Then I had a year of tough going. People in Oregon thought at the time that if you came from California you didn’t know anything. I got a job at a big cabinet shop, part of the paper mill in Salem. I ran into a lot of situations where I did things differently. Where I had to, I changed to their way. At the same time I built myself a shop and got all the equipment. It took about five years to really get going. Then I worked for myself and operated a cabinet shop. In addition to the shop, for twenty years I did property maintenance for a real estate company. Now I’m retired and I still work in my shop. I’m eighty-six and I still do things like make special moldings for antique houses and for people who are restoring stuff. I’m not as nimble in the fingers as I used to be, but I can hold a hammer, and I do what I want, when I want to. I enjoy it. I just can’t see myself not doing anything.
Herb Suerth Jr.
When the war was over I went back to Marquette University. I met Monna, the girl of my dreams, two nights before we started classes in September 1946. We dated off and on all the way through college. She was in nursing. I went back to engineering. For some years it was all homework and lab courses. We graduated from Marquette University in June 1950 and were married that October. We had nine kids and fifteen grandkids. Seven of our kids went to college, and one started his own business at eighteen. We lost our oldest son from complications due to cancer in August 2007.
I worked in the industrial and technical marketing field. I had a bent toward sales and marketing more than technical engineering. For about ten years I worked for GE and learned a lot there, then was in a number of different fields. I ended up as general manager of a large, privately held industrial laundry.
Roy Gates
Reentry to civilian life was good for the most part. I was still enjoying the libations we got from the Eagle’s Nest. Drinking grew into more of a habit for me as time went on. But for a job I did pretty well. I became a factory representative for a division of the Norton Company, a supplier of sandpaper, sanding belts, polishing products—stuff like that. I had a territory and was with them for a few years. Then I went to California and got into the collections business. I had a friend in the industry, and for a while had my own agency in Dallas, Texas. I did okay.
I was married three times, once for thirty years, but none worked out. Maybe it’s because I went to Texas A&M. At the time I went it was all-male, all-military—maybe that’s why I’ve never been too good with women [laughs].

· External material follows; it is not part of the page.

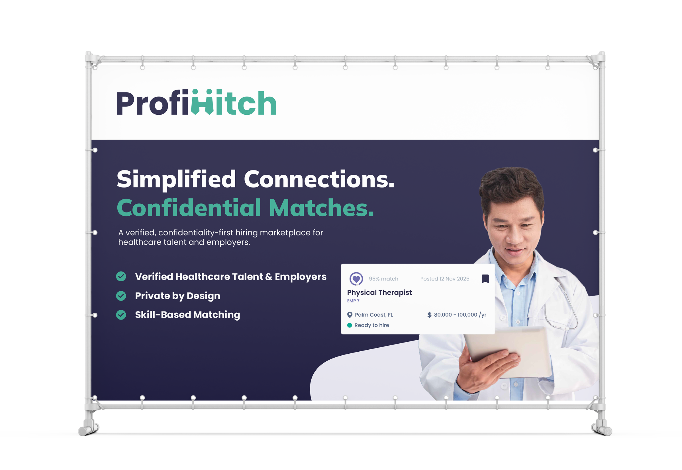 DesignProfiHitch is a platform that connects healthcare professionals with employers through AI-powered matching. I lead the creative production across all projects, guiding work from concept to delivery while also working hands-on to design print and digital materials, pitch decks, social media graphics, digital ads, and email campaigns. My role focuses on shaping the brand’s visual identity and making sure every deliverable feels cohesive, polished, and on-brand.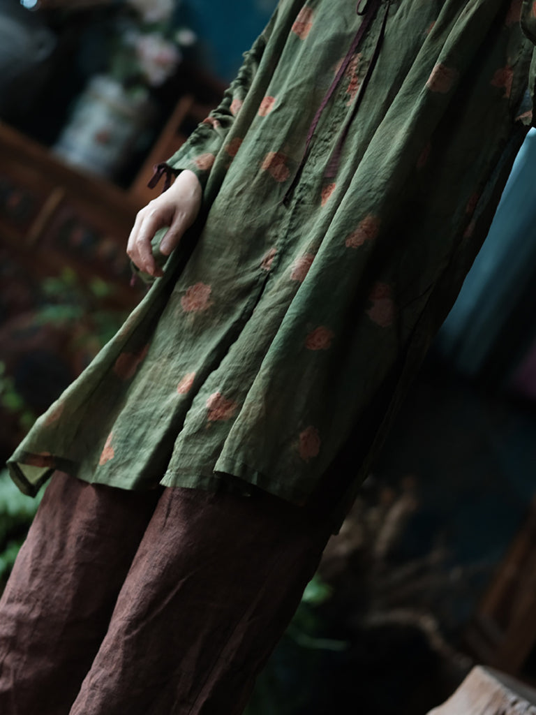 Damska letnia koszula retro z okrągłym dekoltem i ramią w kwiaty

I drank pretty heavily until I was about forty years old. Then enough was enough already. I’ve got forty-five years of sobriety coming up this year. I don’t blame war as contributing to my alcoholism. My father was an alcoholic, and I think heredity has something to do with it. But I think the availability during the last part of the war sure helped. I’m not blaming it on Hitler or his hideout, but we had pretty good access to booze for a while there. Then when I came home in ’46 I hit it pretty good. I went through Alcoholics Anonymous and quit drinking in 1963. AA was a vital part of my recovery. I still go to meetings today. I’m not as gung ho about AA as I was at one time, but it was a great help. I live in the Bible Belt, and AA is a religious organization in many ways. I used to say I was an agnostic and tiptoe around about that, but here again at age eighty-six I’d say I don’t really believe. I’m an atheist. I’m not vehement about it, but it’s the truth. I think we’re here as long as we’re here and that’s okay.
I didn’t have any dreams or nightmares about the war. In all honesty, my war was not as traumatic as some—the guys who really went through the whole bit. Looking back, my days in the service were an experience that I treasure. I’m not sure if that’s the right word, but those experiences are something that I’ll always remember.
Frank Soboleski
I came back home January 18, 1946, and just went fishing and trapping for about a month. I finally got enough, and went back to my old job in the Insulite mill, but in a different department than I’d been in before. I had a hard time adjusting to civilian life. Everything seemed common and stale. Everybody looked old and everything was too quiet. In the summer I took guiding jobs on my hours off from the mill. I took tourists out fishing on Rainy Lake. I also took extra jobs building houses in town. Then I paired up with a friend and started a construction firm.
The military was bringing back the bodies of boys who had been killed overseas and had been in temporary graves. I helped unload the caskets at the depot at the end of our Main Street. They’d have to be loaded in a hearse and taken to the mortuary or sometimes to their parents’ homes. It wasn’t a very pleasant task, but I did what I could for all my fallen comrades. Three or four caskets would arrive at a time for quite a while before they were all home. All the small towns around us had their sons shipped to International Falls, and we took care of them as well. I was also involved in the funerals as honor guard and pallbearer. I marched in every parade in International Falls for many years.
I’ve had numerous exciting experiences while trapping in the north woods. Once I had a pack of timber wolves chase me up a deer hunting tree-stand with my snowshoes on. That was an extremely difficult feat, but I accomplished it in a hurry with the wolves snarling under me.
Another time I was walking the length of a long fallen tree near my hunting shack when I jumped down and landed on the hibernating bear sleeping at the base of the roots. After being rudely awakened, he came up fast, with me on his back. I came off his back and started running in midair. My third and last shot took him down. He was 475 pounds, and his hide made a nice addition to my living room floor for many years.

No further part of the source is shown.